**Dataset excerpts**.

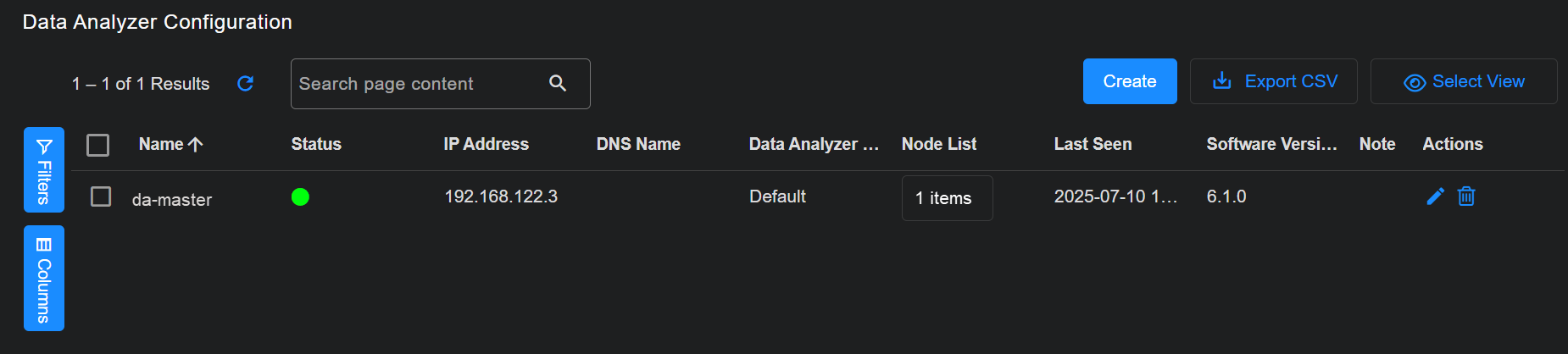 Navigate to the System | DATA MANAGEMENT | Data Analyzer page and click the Create button to create a new DA cluster.
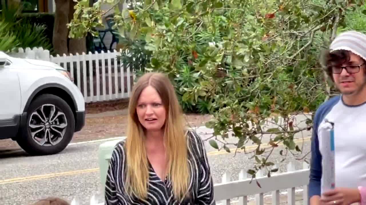 A gender reveal party and the woman looks confused when they pop off the tubes and she and the man each has a different color in a front yard.
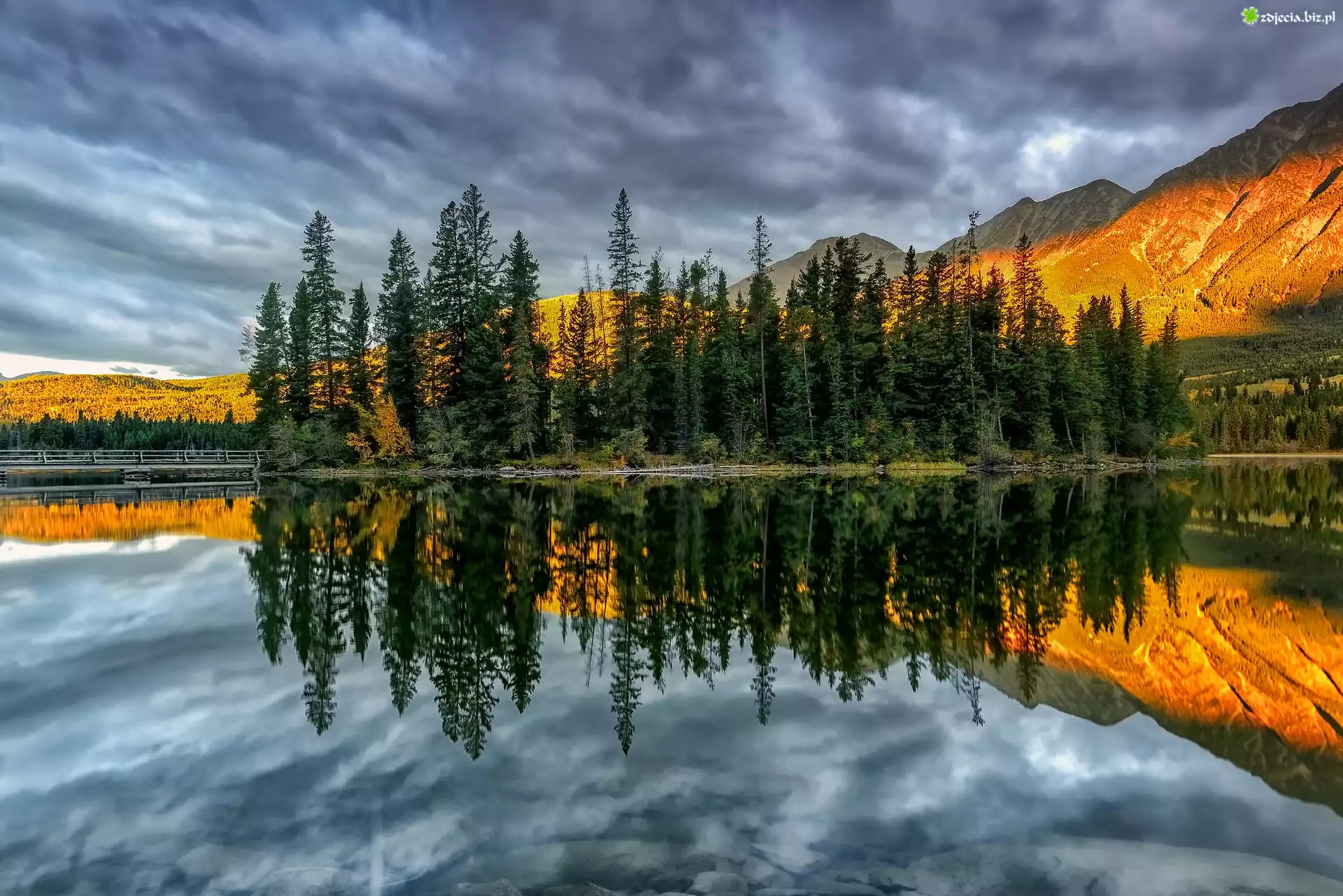 Zdjęcie Kanada, Park Narodowy Jasper, Góry, Jezioro Pyramid Lake, Chmury, Drzewa
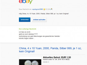 hey wg Grüße, das bezieht sich auf den von mir erfragten panda oben? na nur gut das der Verkäufer eine auktion wollte und auf mein Angebot nicht eingegangen ist. ach ja.. er kenne sich mit Münzen nicht so aus sagte er
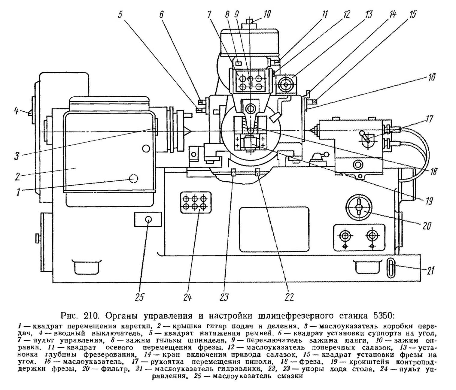 На примере шлицефрезерного верстата 5350 (рис. 210) рассмотрим процесс налагодження по операциям.
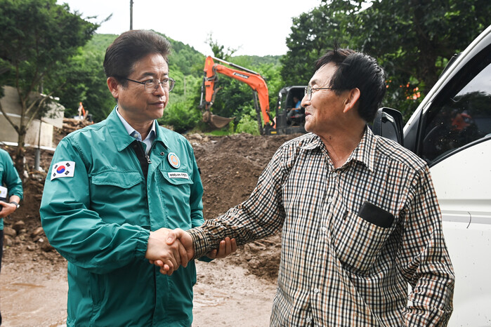 이날 현장을 찾은 이 지사는 피해 상황을 점검하고 “응급 복구를 최대한 빨리 조치해 2차 피해를 막고, 토사 유출 및 하천 제방이 유실된 곳에 안전사고가 일어나지 않도록 즉각적인 대응과 안전조치를 다하라”고 지시했다.

**Work to complete**. Each line from the one holding "На примере шлицефрезерного" down to the end of the records is to be reproduced unaltered, and the pictures are to be omitted.

**Answer area**.
 На примере шлицефрезерного верстата 5350 (рис. 210) рассмотрим процесс налагодження по операциям.
 이날 현장을 찾은 이 지사는 피해 상황을 점검하고 “응급 복구를 최대한 빨리 조치해 2차 피해를 막고, 토사 유출 및 하천 제방이 유실된 곳에 안전사고가 일어나지 않도록 즉각적인 대응과 안전조치를 다하라”고 지시했다.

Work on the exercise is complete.